I put my question here (as opposed to family and relationships, etc.), because I've grown accustomed to quality thinking here. And, of course, I really want to know your answers. Really....

Note: Tennyson was speaking of death. That's not the sense in which I'm asking, although, it's also valid, of course. I'm thinking about the loss, by rejection, of a lover, partner. But you answer as you're so inspired....

2007-06-13 07:07:20 · 14 answers · asked by Anonymous in Arts & Humanities Philosophy

14 answers

People who have not loved at all and there's no chance for them to love in the future, cannot give a meaningful and realistic answer to the question. They can only be theoretically philosophical, and you would get a speculative answer.

And those who have not loved yet, but are still young and dream of falling in love, cannot tell until they have tried - unless of course, they too would want to answer the question hypothetically.

On the other hand, those who have loved and were lucky as not to experience the agony of rejection cannot be objective in their analysis of a hypothetical situation where the loss of love is the main subject. They have not experienced it. So, whatever they say about it, will not be objectively satisfactory.

That leaves us with one category of people: those who have been through the love experience AND were rejected.

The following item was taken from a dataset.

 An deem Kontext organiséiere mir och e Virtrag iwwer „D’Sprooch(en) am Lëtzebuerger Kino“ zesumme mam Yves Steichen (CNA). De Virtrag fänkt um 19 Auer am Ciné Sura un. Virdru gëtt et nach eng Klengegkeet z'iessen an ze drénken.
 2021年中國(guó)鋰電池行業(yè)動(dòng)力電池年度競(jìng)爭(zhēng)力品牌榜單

What would such people say? How would they attempt to find out which is better? They would compare the joy of love before the rejection, to the agony they underwent afterwards, and then ask themselves: Was the share of happiness we enjoyed when we first fell in love worth the suffering? Many would say: I wish I had not loved at all! Notice, "I wish" - which means they had not experienced the situation of ‘no love at all’, and therefore, cannot tell what their feelings would have been like if they hadn’t. So, this particular sort of feeling is a mere speculation to them, and therefore, they cannot give us a satisfactory answer to which is better.

What does that mean? It means your question cannot be answered accurately, objectively or factually from "experience". The only possible answer to such question is, and will always be, hypothetical, speculative and relative - even with experience.

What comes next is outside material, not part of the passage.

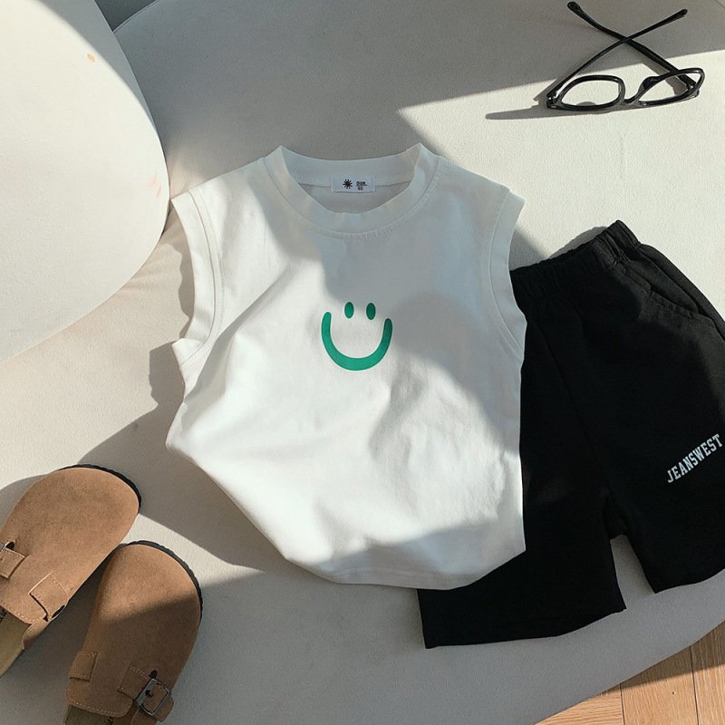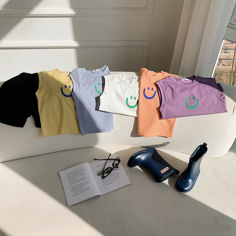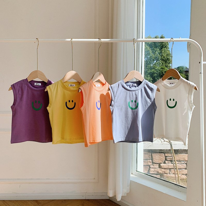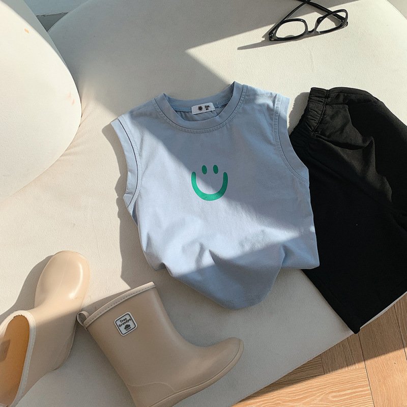 Children Kids Baby Fashion Girls Boys Casual Basic Sleeveless Smiley Print T-Shirt

We all know there's nothing in this life for free. Every thing is taxed. Every joy has to be paid for, more or less, in ‘hard’ currency called suffering. So is love. Yet, almost all of us are ready to pay the price – at least for the first time to satisfy our natural curiosity. Take for example the hangover in the morning - we may curse the minute we drank the night before, and may make promises not to do that again, and maybe we'll be earnest about it, but very few of us keep that promise, while those who do not keep that promise drink again because they are willing to pay the price; they think the joy of intoxication is worth the hangover. The ‘implied’ answer in this kind of thinking is: “It is better to have drunk and got the hangover than never to have drunk at all" And this logic; this reasoning, is subjective and relative and cannot be the basis for a general rule that can be solid enough to establish a general theory in this respect.

Similarly, those who love and get hurt, yet fall in love again, are willing to put up with the torture of the soul because to them, it is worth the joy of love. And here again, we touch upon individuality and situational decisions, and cannot generalize. We cannot establish a theory that says this is better or that - though we can think of equal reasons to justify or defy either.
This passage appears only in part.